In this case an additional piece of hay was added to the president’s battered Romney doll. Obama ascribed his failure on stage to the fact that he had not expected Romney to lie so effectively; he had not anticipated Romney to mask his extremism behind a “moderate” cloak. But here too the president was jousting with an apparition. Romney’s “lies” were nothing more than statements of fact in conflict with and inconvenient to liberals. And the “moderate” Romney is no different from the man who has been “pitching that plan for an entire year.” Romney’s domestic policy message, his “five point plan,” has been remarkably, even frustratingly, consistent over time. What it differs from is the bloodthirsty, avaricious, and ambitious demon with whom Obama has been fictively arguing.
Thus Biden had a heavy burden going into Thursday’s vice presidential debate.
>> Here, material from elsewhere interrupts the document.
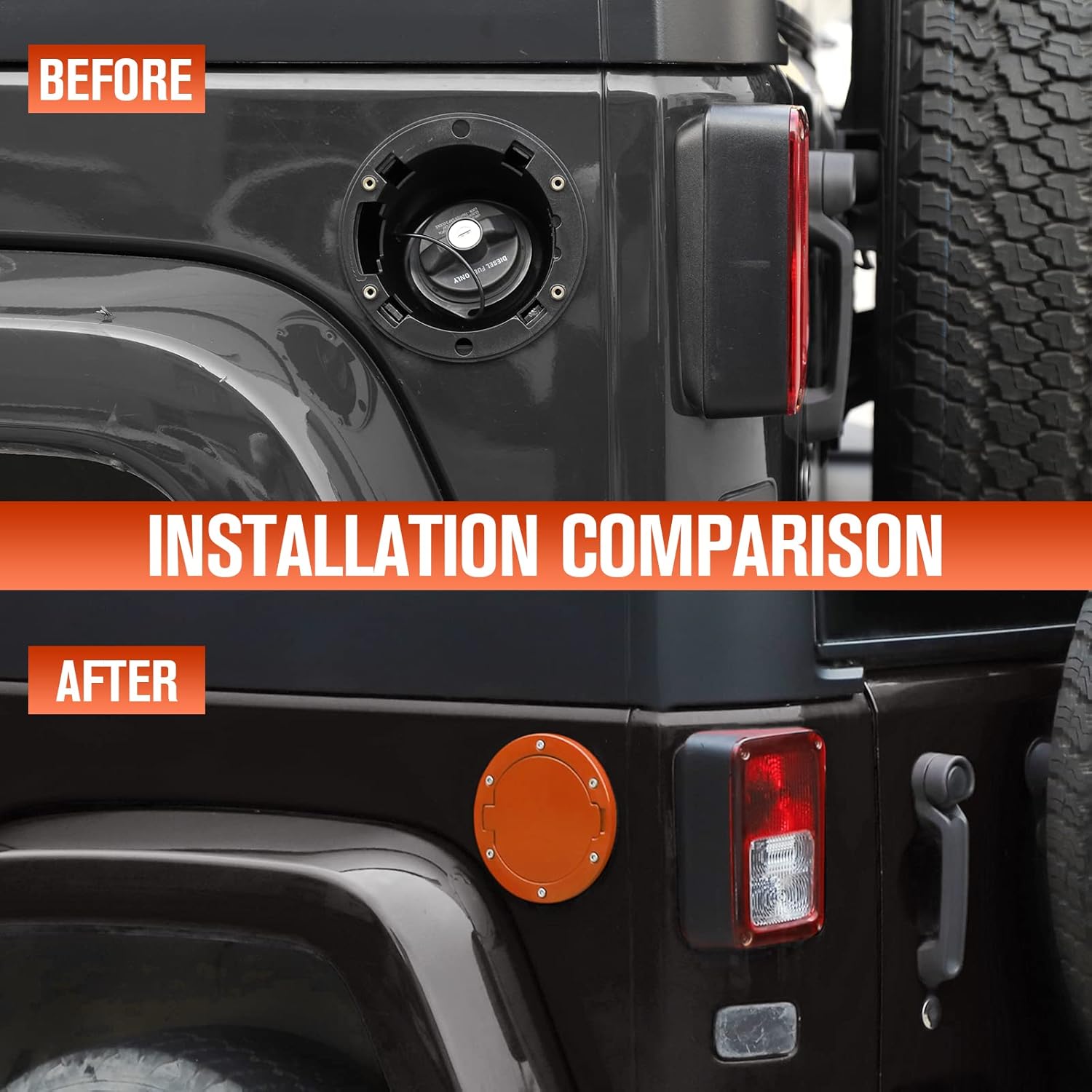 Features: - Textured Black Powder-Coat Finish - Rugged Off Road Styling - Bolt-On Installation - Fit for 2007-2018 Jeep Wrangler JK & Unlimited Rugged Styling. JeCar Gas Cover adds an extra level of customization for an aggressive appearance. Not only will this textured black fuel door look great, but it also adds superior protection to your JK. Durable Construction. The JeCar Gas Tank Cover is made of aluminum and crafted with the highest standard ABS plastic, which makes it fully proof against rust. It's also very resistant to corrosion from gasoline and other harsh car-related chemicals, so it can stand up ruggedly to its intended use. Easy to Install. This non-locking fuel door is finger notch opening. Installation does not require any drilling, just easy bolt-on installation using the supplied hardware. Note: The pinhole position of 2-door JK and 4-door JK is different. The pin guide of our gas cap cover matches 4-door. You may need to knock the pin guide off to install it on a 2-door if you don't wanna drill a new pinhole. Package Included: 1 x JeCar gas tank cover 1 x Gasket 1 x Allen wrench

The left was outraged at Obama’s failure. It was up to the vice president to calm their fears and regain their enthusiasm. His clownish and angry performance was catnip to the Democratic base. But he also ran the risk of alienating independents and swing voters who are distressed at the economic condition of the country and are looking for specific solutions to the twin crises of jobs and deficits. For Biden’s performance, like Obama’s, was grounded in the idea that Republicans like Romney and Ryan are monsters—an idea that could not withstand examination in the light of Ryan’s strong, reasoned, confident showing.
Romney and Ryan have found a political opportunity in the gulf separating liberal perceptions of conservatives from the lived reality of conservatives. All they needed to do was show independent and undecided voters who they are, demonstrate that they are not so scary after all, and emphasize the administration’s lackluster record. Which is what they did.
Obama and Biden should know better. Spend all your time boxing shadows, and there’s a decent chance that, when faced with a real opponent, you will be knocked out.